For handgrip strength, higher levels of p-tau181, p-tau217, and NfL correlated with faster strength decline. Interestingly, adjusting for cognitive function via MMSE did not attenuate these associations, suggesting a degree of independence from overt cognitive impairment.
Sex differences were evident. Female participants exhibited stronger links between higher biomarker concentrations and decline in chair-stand performance compared with males, suggesting possible sex-specific vulnerability or differences in neuro-muscular aging pathways.
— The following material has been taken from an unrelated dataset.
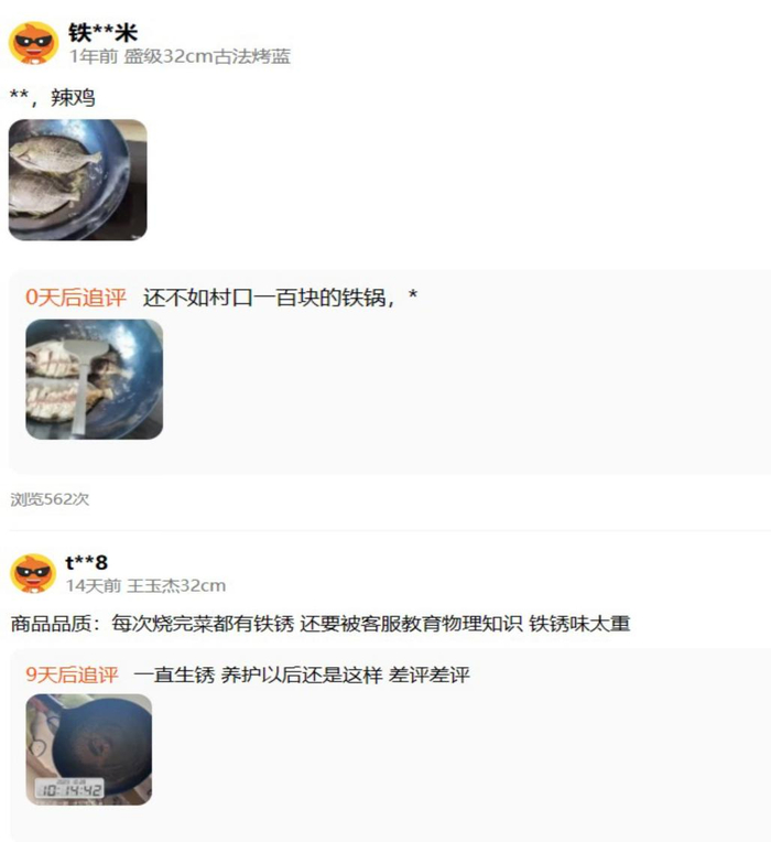 在抖音平台,博主“翔翔大作战”购买了一口1800元的章丘铁锅,在视频中,博主根据商家的教程开锅、养护,却依旧出现了粘锅等问题。而在小红书平台,不少消费者则纷纷“吐槽”自己购买的章丘铁锅货不对板,与宣传中的效果大相径庭,甚至不少消费者发帖传授鉴别真假章丘铁锅的“秘诀”。

Amyloid beta 40 and 42 and total tau did not show consistent associations with muscle strength decline, refining the understanding of which AD-related biomarkers may be most relevant for muscular aging.
Expert Commentary
These findings shed light on the biological intersection between neurodegenerative processes and physical frailty in aging. The observation that phosphorylated tau species and neurofilament light chain—markers reflecting neurofibrillary tangle pathology and neuroaxonal damage—predict muscle decline underscores the systemic impact of AD pathology beyond the brain. The partial mediation by cognitive status highlights the intertwined trajectories of brain and muscle aging.
Sex differences raise intriguing questions about hormonal, genetic, or lifestyle factors that might modulate vulnerability to neuromuscular decline in relation to AD pathology. Clinicians should consider these biomarkers as part of an emerging toolkit to stratify risk for sarcopenia, potentially guiding earlier and personalized preventive interventions.
Limitations include the observational design, which cannot establish causality, and the generalizability limited to a relatively homogeneous Swedish population. Future studies should explore mechanistic pathways and intervention trials targeting these biomarker-positive individuals.
Conclusions
Blood biomarkers associated with Alzheimer’s disease pathology, particularly phosphorylated tau species and neurofilament light chain, are promising predictors of accelerated muscle strength decline over 12 years in older adults. The interaction with cognitive function suggests a shared or overlapping neurodegenerative and muscle aging process. These biomarkers could be incorporated into clinical assessments to identify older adults at risk for sarcopenia and implement early, targeted interventions to promote healthy aging and preserve functional independence.
Funding
This work was supported by the Swedish Research Council, the Swedish Ministry of Health and Social Affairs, and County Councils and Municipalities.
References
Ornago AM, Pinardi E, Grande G, et al. Blood biomarkers of Alzheimer’s disease and 12-year muscle strength trajectories in community-dwelling older adults: a cohort study. Lancet Healthy Longev. 2025;6(5):100715. doi:10.1016/j.lanhl.2025.100715. Epub 2025 May 22. PMID: 40414227.